Wracając do tematu przewodniego artykułu, to nie chcę bawić się w ocenę poszczególnych propozycji zarówno pod kątem jakości (nie miałem do czynienia na żywo z żadnym z omawianych produktów), ani pod kątem oceny jakość/cena (choć myślę że wnioski takie da się na podstawie tego artykułu wyciągnąć).
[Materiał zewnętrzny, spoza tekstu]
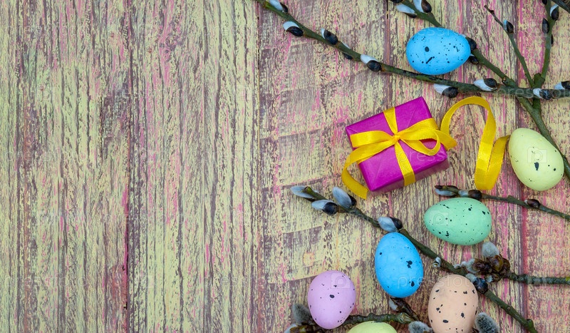 Подарочные коробки с лентами. Пасхальные яйца. Веточки ивы. Святая Пасха. Синий бирюзовый фон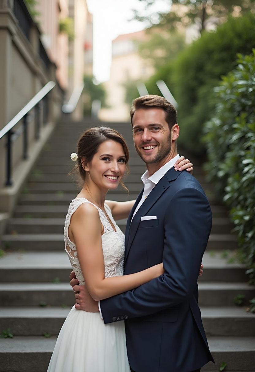 Двое молодожёнов стоят на фоне городской лестницы, обнявшись за плечи, оба смотрят в камеру с искренними улыбками, вокруг городская зелень и архитектурные элементы, утренний рассеянный свет, атмосфера счастья и гармонии.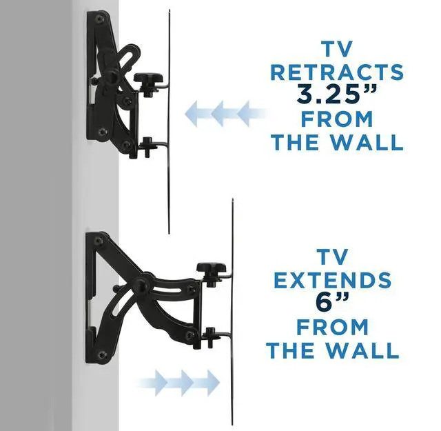 VESA TV MOUNT - Fits most 23-42" LCD/LED/OLED/Plasma TVs on the market (even up to some 50 inch TVs) up to VESA 200x200 and 66 lbs (Fits VESA 200x200, 200x100, 100x100, 75x75 mm). ^^ FULL MOTION Tilt up and down 30 degrees total to reduce glare. Swivel left and right 60 degrees total. Extends up to 6 inches from the wall. ^^ UNIVERSAL FIT - Compatible with Samsung, Sony, LG, Sharp, Insignia, Vizio, Haier, Toshiba, Sharp, Element, TCL, Westinghouse 23, 24, 27, 30, 32, 40, 42 inch TVs.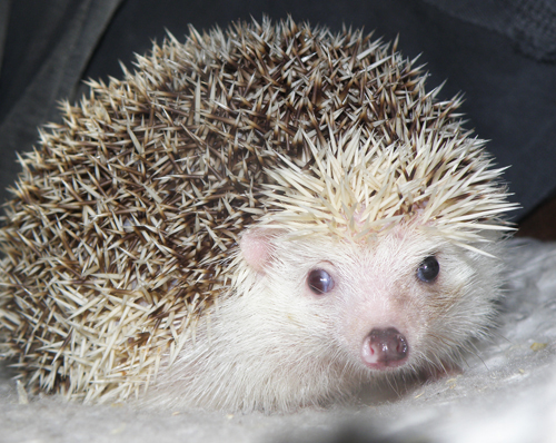 Színpigmenttel nem rendelkező, rózsaszín bőrű és orrú, piros szemű hófehér sün.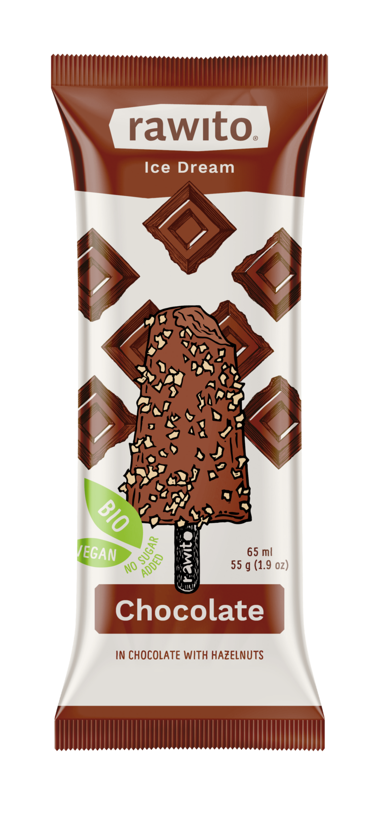 Čokoládová raw zmrzlina – neuvěřitelně plná chuť čokolády. Zalitá v čokoládě s posypem lískových ořechů.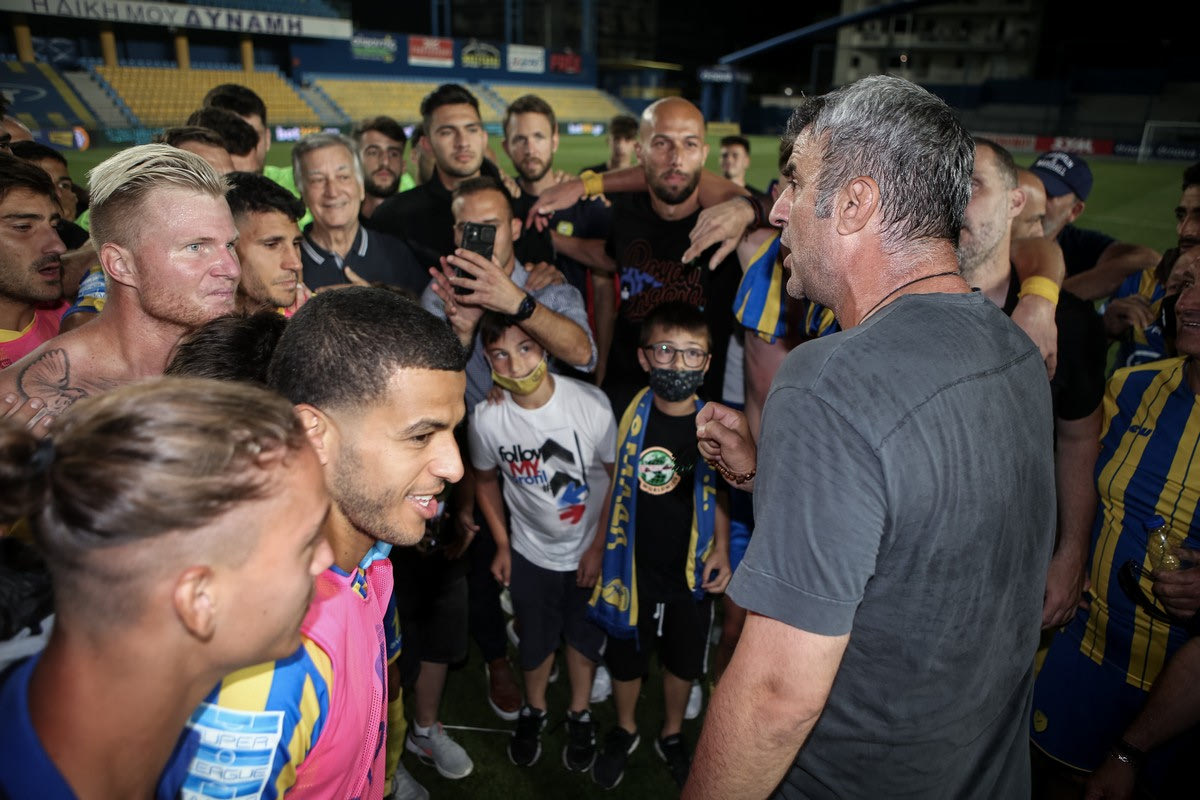 Μετά το 1-0 έκανε ένα σπρίντ και μπήκε να πανηγυρίσει μαζί με τους παίκτες του ενώ η λήξη τον βρήκε συγκινημένο και με δάκρυα στα μάτια.

Oczywiście jest bardziej niż prawdopodobne, że udało mi się pominąć jakieś jeszcze wilki dostępne na rynku, a wiem również że nie wszyscy gracze chcą koniecznie by wilki były wilkami i uciekają się do różnych alternatyw (np. korzystając z modeli Juggernaut'ów GW, czy też niedźwiedzi produkowanych choćby przez Ścibora), ale jak zawsze jeśli ktoś ma ochotę coś dodać w tym temacie to zapraszam.


1 komentarz:

  1. to ja na dodam jako ciekawostkę, ze na samiutkim początku co niektórzy kupowali modele wilków w sklepach zoologicznych [ cała seria zwierzaków dla dzieci, wiernie odtworzonych]. Cztery rodzaje wilków, cena ok 26 zł [ w zależności od sklepu wahała się +-3 zł]. Skąd wiem? bo byłam świadkiem takiej oto rozmowy między kierownikiem sklepu a sprzedawcą:
    - a czemu my tyle wilków zamawiamy?
    - bo tu przychodzą tacy jedni i biorą ile jest [ przyp. aut. - z reguły sklep ma po 2-3 szt.] i marudzą że mało i że im na oddział nie wystarczy
    - na jaki oddział
    - a skąd ja mam wiedzieć. za dzieciakami nie trafisz. Zamów pan te wilki i już.